> [Work to complete]:
Retype the listing exactly; omit pictures.

> [Given data]:

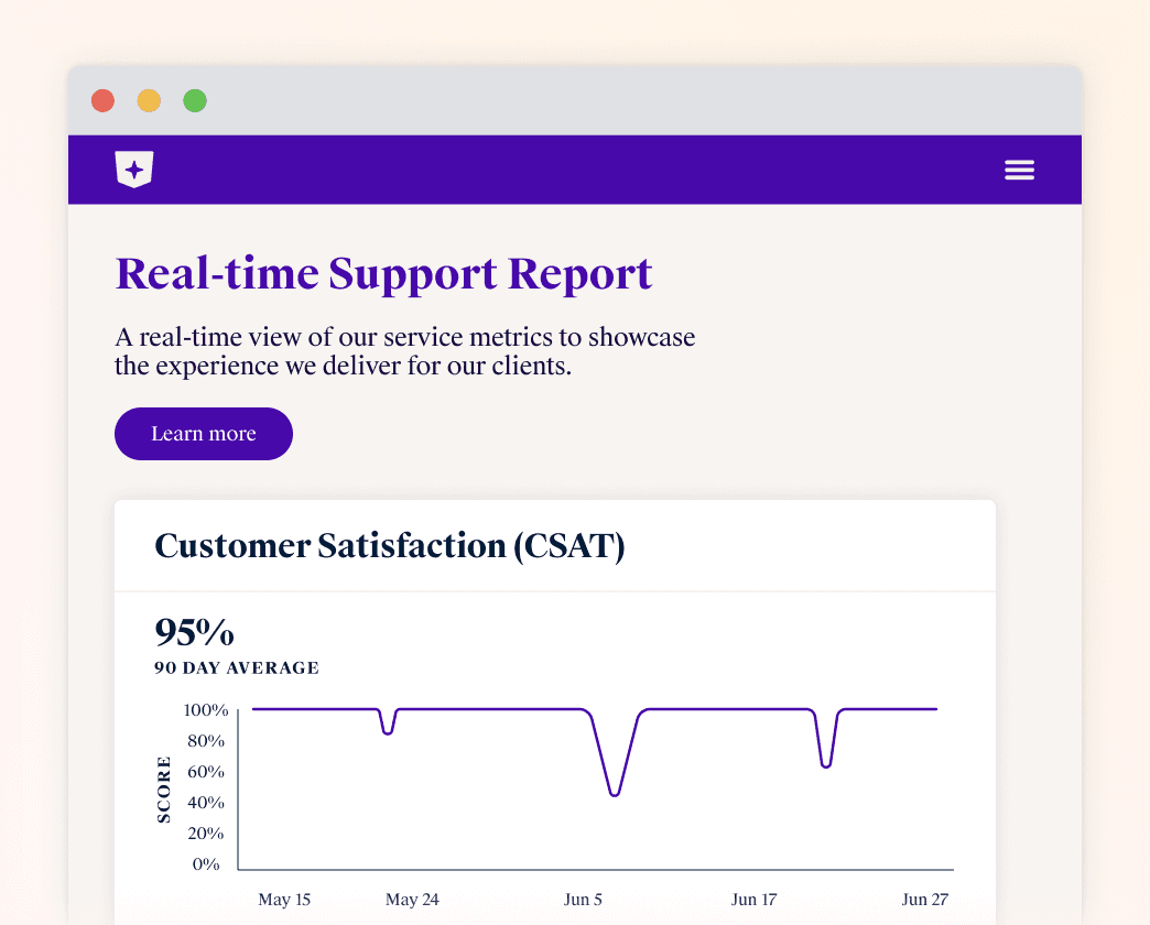 Share real-time metrics like response time or CSAT in a custom page on your knowledge base. Show customers the exceptional experience they’ll receive to build trust, drive growth, and stand out from the competition.
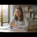 Photo Idea : A focused student at a desk with notebooks and a laptop open to an application form
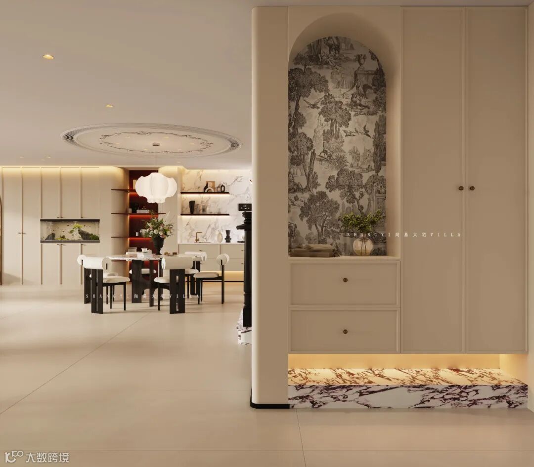 轻法式设计以优雅的曲线、柔和的色调与精致的细节著称。本案例,通过空间布局、材质碰撞与家具陈设的巧妙搭配,将法式浪漫融入现代生活场景,呈现出「低调奢华却不失温度」的居住美学。

> [Answer section]:
 Share real-time metrics like response time or CSAT in a custom page on your knowledge base. Show customers the exceptional experience they’ll receive to build trust, drive growth, and stand out from the competition.
 Photo Idea : A focused student at a desk with notebooks and a laptop open to an application form
 轻法式设计以优雅的曲线、柔和的色调与精致的细节著称。本案例,通过空间布局、材质碰撞与家具陈设的巧妙搭配,将法式浪漫融入现代生活场景,呈现出「低调奢华却不失温度」的居住美学。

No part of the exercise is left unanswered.